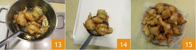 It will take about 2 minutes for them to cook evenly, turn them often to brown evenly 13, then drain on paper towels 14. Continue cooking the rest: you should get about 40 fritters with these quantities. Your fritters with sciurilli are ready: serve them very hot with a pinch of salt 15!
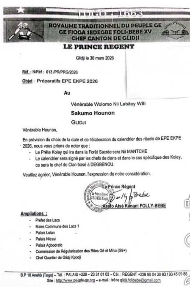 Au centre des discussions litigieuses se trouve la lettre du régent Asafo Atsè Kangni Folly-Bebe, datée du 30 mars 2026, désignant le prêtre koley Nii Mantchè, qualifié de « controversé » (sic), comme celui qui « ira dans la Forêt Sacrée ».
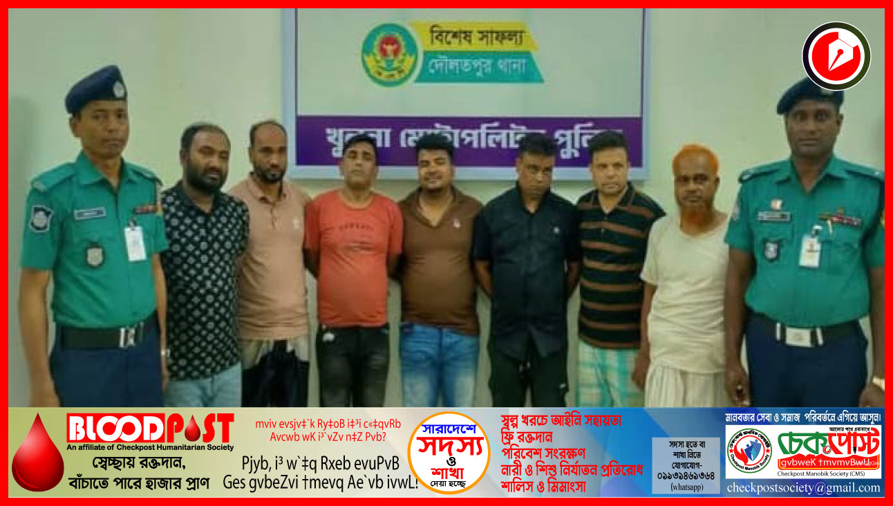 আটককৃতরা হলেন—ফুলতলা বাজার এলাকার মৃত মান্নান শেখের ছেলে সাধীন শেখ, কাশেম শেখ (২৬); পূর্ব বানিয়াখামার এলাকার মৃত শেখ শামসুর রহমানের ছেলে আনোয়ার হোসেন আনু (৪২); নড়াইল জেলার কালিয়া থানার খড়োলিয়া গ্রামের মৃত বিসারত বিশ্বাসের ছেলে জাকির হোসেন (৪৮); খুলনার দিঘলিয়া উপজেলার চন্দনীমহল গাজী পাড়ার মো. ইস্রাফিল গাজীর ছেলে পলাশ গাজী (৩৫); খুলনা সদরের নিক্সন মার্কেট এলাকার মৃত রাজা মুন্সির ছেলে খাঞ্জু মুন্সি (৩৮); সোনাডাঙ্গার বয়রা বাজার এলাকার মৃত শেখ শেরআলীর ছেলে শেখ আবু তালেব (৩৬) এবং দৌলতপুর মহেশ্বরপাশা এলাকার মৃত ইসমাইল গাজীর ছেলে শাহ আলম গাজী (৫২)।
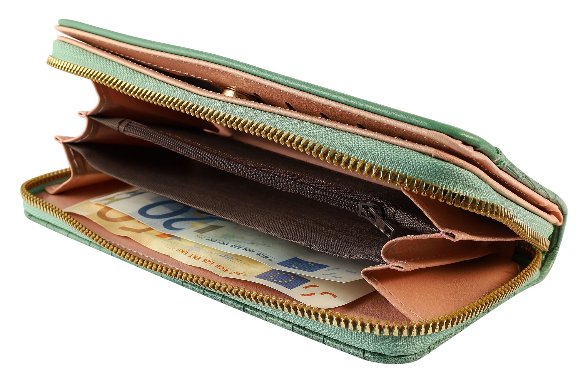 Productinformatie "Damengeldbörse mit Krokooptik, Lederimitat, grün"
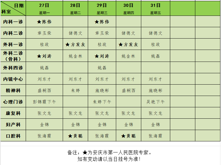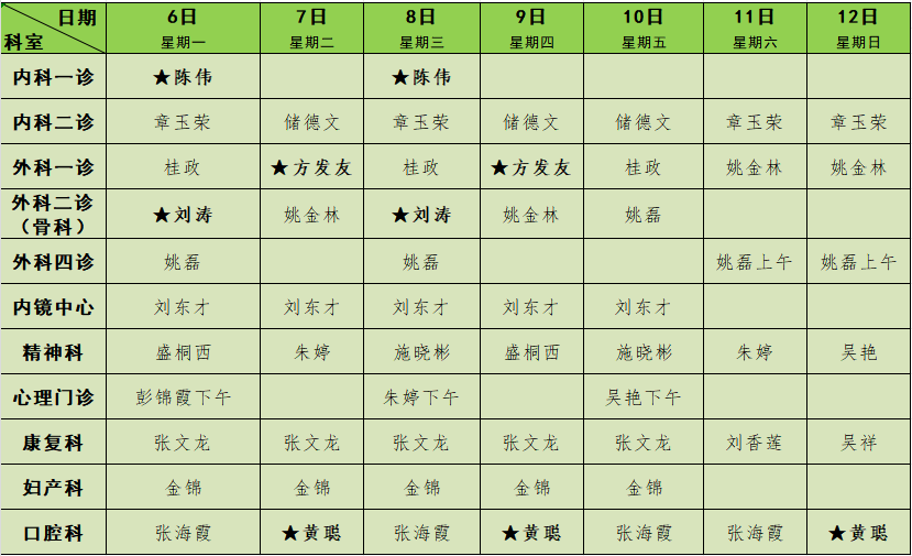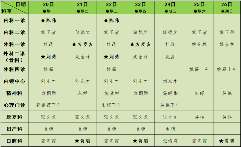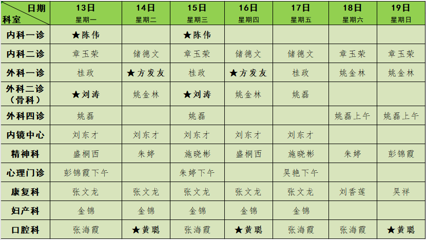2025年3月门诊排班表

==

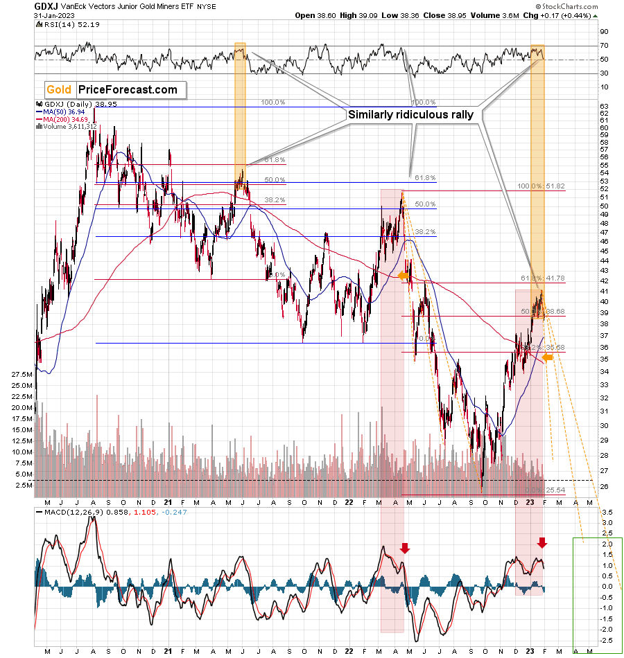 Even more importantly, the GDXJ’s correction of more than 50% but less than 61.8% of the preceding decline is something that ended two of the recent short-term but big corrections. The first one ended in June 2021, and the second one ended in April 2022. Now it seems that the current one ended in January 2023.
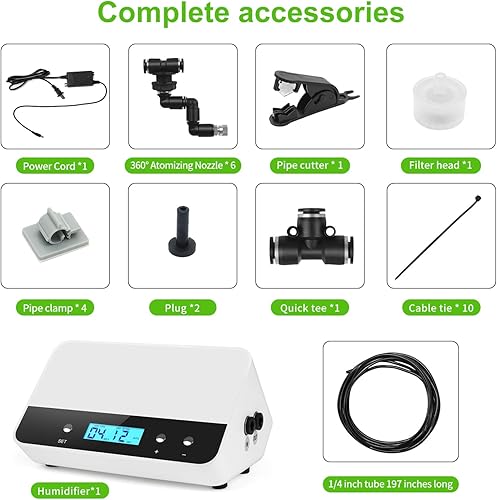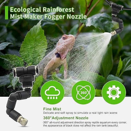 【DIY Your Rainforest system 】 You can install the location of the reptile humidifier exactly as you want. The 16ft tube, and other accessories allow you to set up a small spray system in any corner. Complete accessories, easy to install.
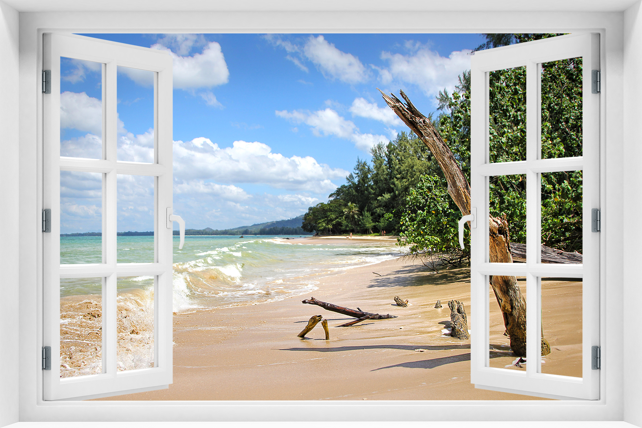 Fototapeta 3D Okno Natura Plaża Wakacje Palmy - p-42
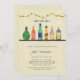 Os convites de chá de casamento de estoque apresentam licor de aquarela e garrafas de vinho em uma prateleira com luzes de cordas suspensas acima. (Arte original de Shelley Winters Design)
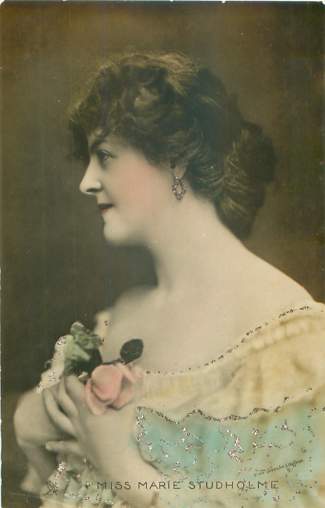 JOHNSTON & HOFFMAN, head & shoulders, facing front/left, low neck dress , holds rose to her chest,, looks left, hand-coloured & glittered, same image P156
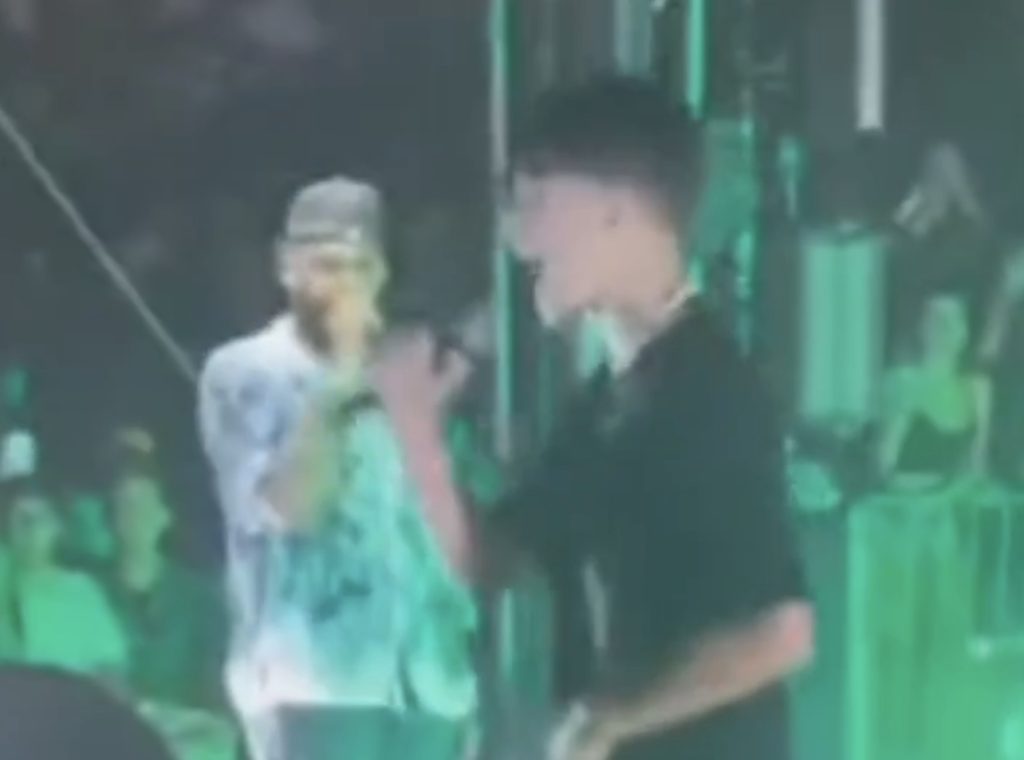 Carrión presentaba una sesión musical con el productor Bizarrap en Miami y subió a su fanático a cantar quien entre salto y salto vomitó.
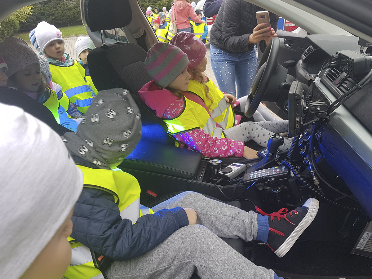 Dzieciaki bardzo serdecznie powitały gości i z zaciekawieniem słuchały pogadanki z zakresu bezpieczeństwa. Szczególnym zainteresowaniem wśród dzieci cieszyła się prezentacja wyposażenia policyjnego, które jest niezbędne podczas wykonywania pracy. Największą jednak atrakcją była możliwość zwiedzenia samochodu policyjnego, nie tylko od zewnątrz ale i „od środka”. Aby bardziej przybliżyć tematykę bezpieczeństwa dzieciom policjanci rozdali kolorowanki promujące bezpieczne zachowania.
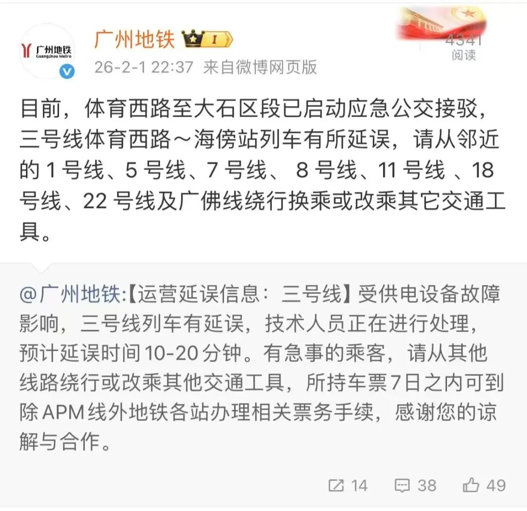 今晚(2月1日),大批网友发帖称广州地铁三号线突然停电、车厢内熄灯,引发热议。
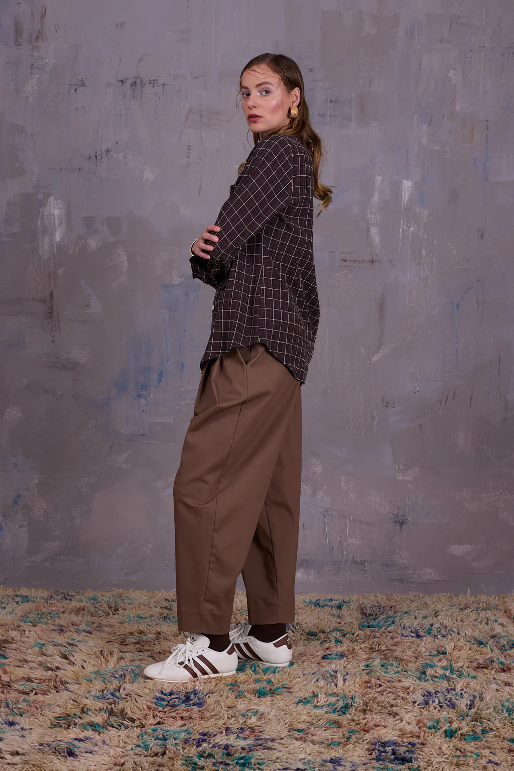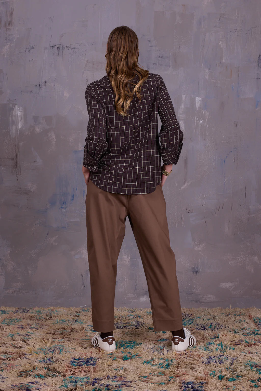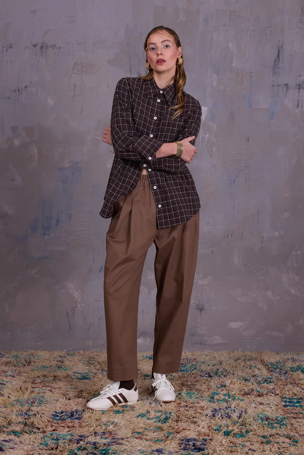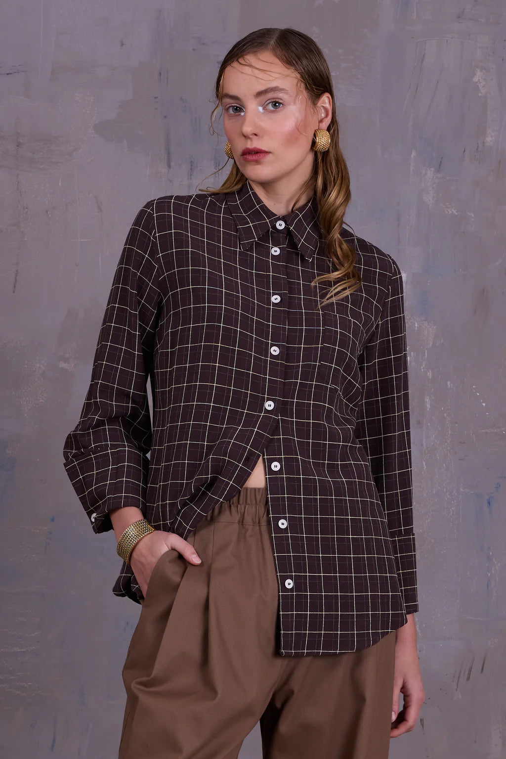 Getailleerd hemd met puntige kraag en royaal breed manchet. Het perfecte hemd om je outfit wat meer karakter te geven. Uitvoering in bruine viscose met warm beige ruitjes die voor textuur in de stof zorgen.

__Aim of the task__: Once the line with "Even more importantly, the" has been found above, output that line and every later line exactly, stopping after the line with "Os convites de", and omit the pictures.

__Answer to this problem__:
 Even more importantly, the GDXJ’s correction of more than 50% but less than 61.8% of the preceding decline is something that ended two of the recent short-term but big corrections. The first one ended in June 2021, and the second one ended in April 2022. Now it seems that the current one ended in January 2023.
 【DIY Your Rainforest system 】 You can install the location of the reptile humidifier exactly as you want. The 16ft tube, and other accessories allow you to set up a small spray system in any corner. Complete accessories, easy to install.
 Fototapeta 3D Okno Natura Plaża Wakacje Palmy - p-42
 Os convites de chá de casamento de estoque apresentam licor de aquarela e garrafas de vinho em uma prateleira com luzes de cordas suspensas acima. (Arte original de Shelley Winters Design)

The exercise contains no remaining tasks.